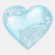 Beautiful heart shaped sticker with silvery white flourish scroll on a powder blue / soft sky blue coloured heart, perfect for adorning scrapbook pages or used as an envelope seal for weddings, bridal showers and a soft baby blue for baby shower. Perfect for a winter wedding in ice blue.
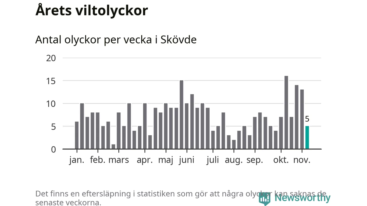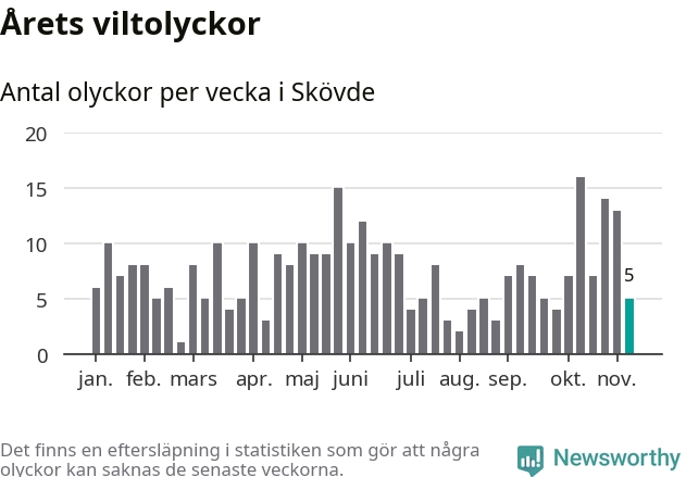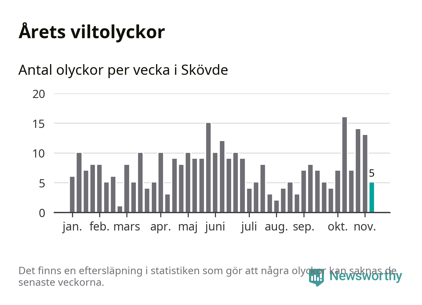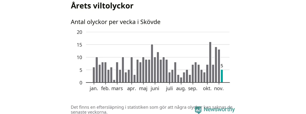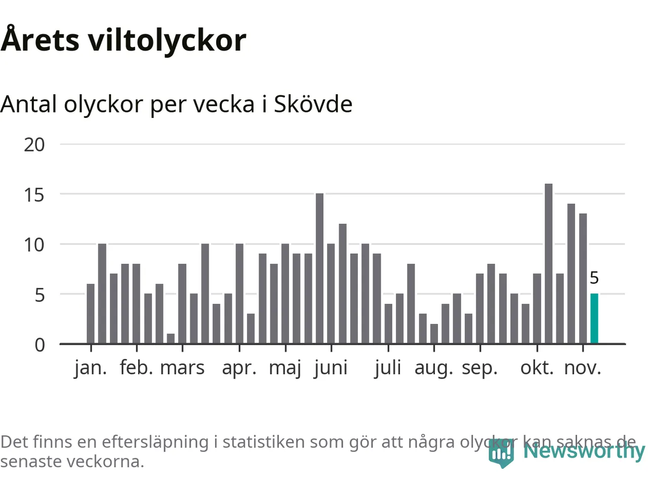 Hittills har fem viltolyckor rapporterats in i Skövde kommun från vecka 46. Se listan här.
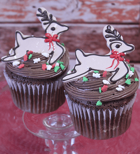 Cupcake with white buttercream rosette. Sprinkles on top with rolled chcoclate gingerbread man.
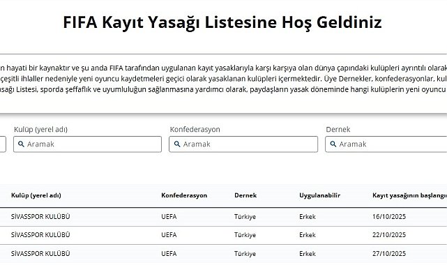 FIFA, Trendyol 1. Lig ekiplerinden Özbelsan Sivasspor'a 3 dönem transfer yasağı getirildiğini açıkladı.
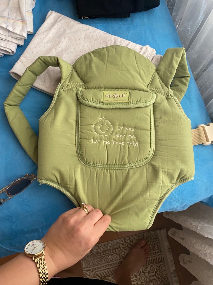 Yumuşak kumaşlı, ayarlanabilir askılı açık yeşil bebek taşıyıcı, önünde nakışlı cep bulunur isteyene WhatsApp’tan nasıl giydiğini atabilirim
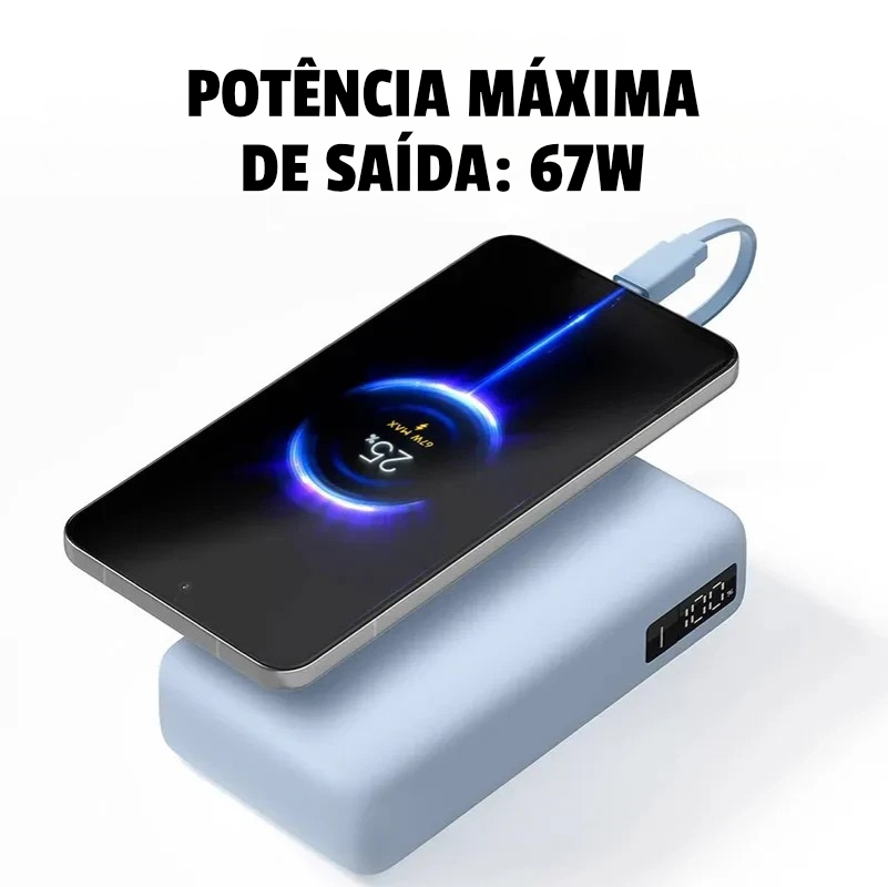 Equipada con hasta 67 W de potencia, esta batería externa garantiza una carga rápida, pudiendo cargar dispositivos compatibles en tan solo unos minutos.
┄┄┄┄┄┄┄┄┄┄┄┄┄┄┄┄┄┄┄┄
Task directions:
The output must match, line for line, the span from the line containing "Cupcake with white" through the end of the data, with the pictures removed.

Response area:
 Cupcake with white buttercream rosette. Sprinkles on top with rolled chcoclate gingerbread man.
 FIFA, Trendyol 1. Lig ekiplerinden Özbelsan Sivasspor'a 3 dönem transfer yasağı getirildiğini açıkladı.
 Yumuşak kumaşlı, ayarlanabilir askılı açık yeşil bebek taşıyıcı, önünde nakışlı cep bulunur isteyene WhatsApp’tan nasıl giydiğini atabilirim
 Equipada con hasta 67 W de potencia, esta batería externa garantiza una carga rápida, pudiendo cargar dispositivos compatibles en tan solo unos minutos.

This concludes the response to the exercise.